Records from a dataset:
★ ★ ★ ★

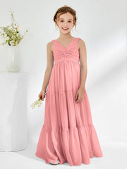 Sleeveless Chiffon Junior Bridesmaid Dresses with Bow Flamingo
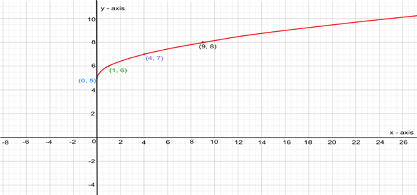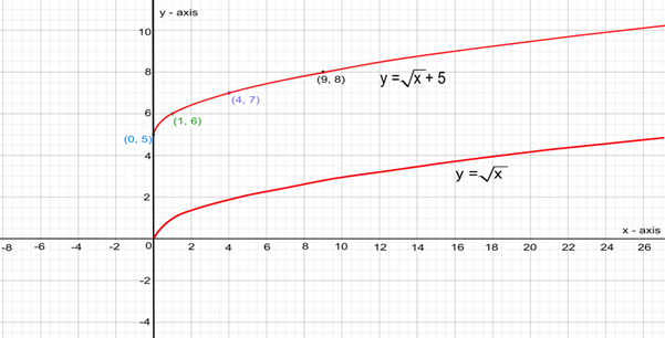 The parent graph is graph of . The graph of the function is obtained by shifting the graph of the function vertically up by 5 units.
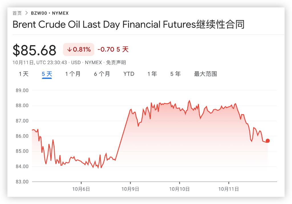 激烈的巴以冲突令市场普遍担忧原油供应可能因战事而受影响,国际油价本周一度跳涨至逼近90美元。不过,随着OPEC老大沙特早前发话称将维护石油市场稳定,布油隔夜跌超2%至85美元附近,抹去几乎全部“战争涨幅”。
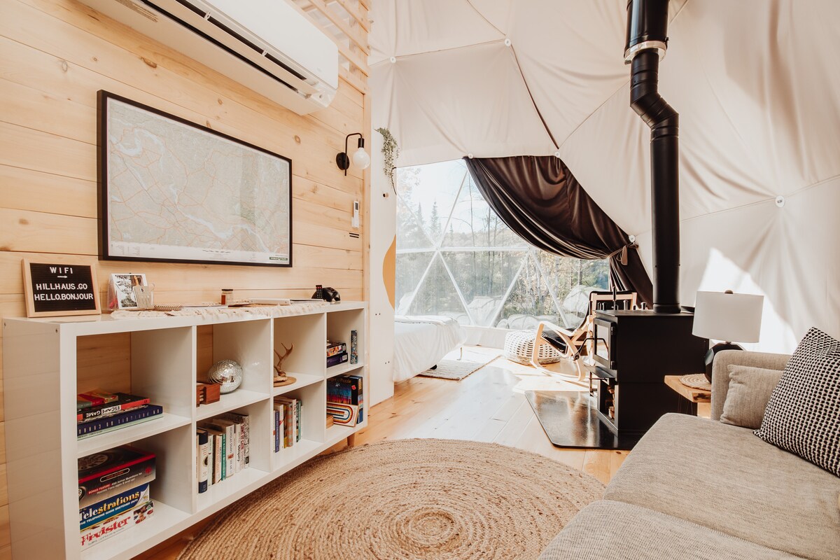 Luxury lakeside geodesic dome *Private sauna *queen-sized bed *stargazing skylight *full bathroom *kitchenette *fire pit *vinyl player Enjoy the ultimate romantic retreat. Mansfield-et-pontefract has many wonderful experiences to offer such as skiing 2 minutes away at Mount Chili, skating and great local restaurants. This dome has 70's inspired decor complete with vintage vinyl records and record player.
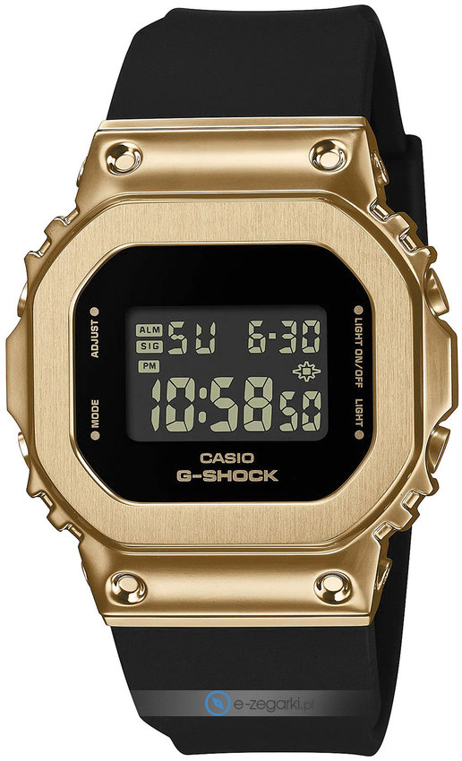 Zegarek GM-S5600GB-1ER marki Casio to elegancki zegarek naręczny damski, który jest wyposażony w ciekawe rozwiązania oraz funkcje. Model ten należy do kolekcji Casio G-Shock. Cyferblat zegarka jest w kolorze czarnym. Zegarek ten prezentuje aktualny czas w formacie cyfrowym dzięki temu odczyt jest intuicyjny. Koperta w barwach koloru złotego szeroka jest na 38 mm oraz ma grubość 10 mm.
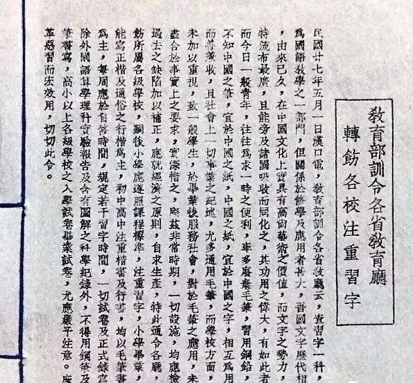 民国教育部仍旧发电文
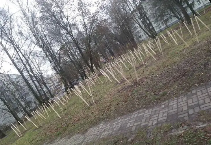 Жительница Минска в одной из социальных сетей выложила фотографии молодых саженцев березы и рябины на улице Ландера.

★ ★ ★ ★

### Work instructions
If a line falls between the one containing "The parent graph" and the last line of the entries above, both included, reproduce it exactly; leave the pictures out.

### Response
 The parent graph is graph of . The graph of the function is obtained by shifting the graph of the function vertically up by 5 units.
 激烈的巴以冲突令市场普遍担忧原油供应可能因战事而受影响,国际油价本周一度跳涨至逼近90美元。不过,随着OPEC老大沙特早前发话称将维护石油市场稳定,布油隔夜跌超2%至85美元附近,抹去几乎全部“战争涨幅”。
 Luxury lakeside geodesic dome *Private sauna *queen-sized bed *stargazing skylight *full bathroom *kitchenette *fire pit *vinyl player Enjoy the ultimate romantic retreat. Mansfield-et-pontefract has many wonderful experiences to offer such as skiing 2 minutes away at Mount Chili, skating and great local restaurants. This dome has 70's inspired decor complete with vintage vinyl records and record player.
 Zegarek GM-S5600GB-1ER marki Casio to elegancki zegarek naręczny damski, który jest wyposażony w ciekawe rozwiązania oraz funkcje. Model ten należy do kolekcji Casio G-Shock. Cyferblat zegarka jest w kolorze czarnym. Zegarek ten prezentuje aktualny czas w formacie cyfrowym dzięki temu odczyt jest intuicyjny. Koperta w barwach koloru złotego szeroka jest na 38 mm oraz ma grubość 10 mm.
 民国教育部仍旧发电文
 Жительница Минска в одной из социальных сетей выложила фотографии молодых саженцев березы и рябины на улице Ландера.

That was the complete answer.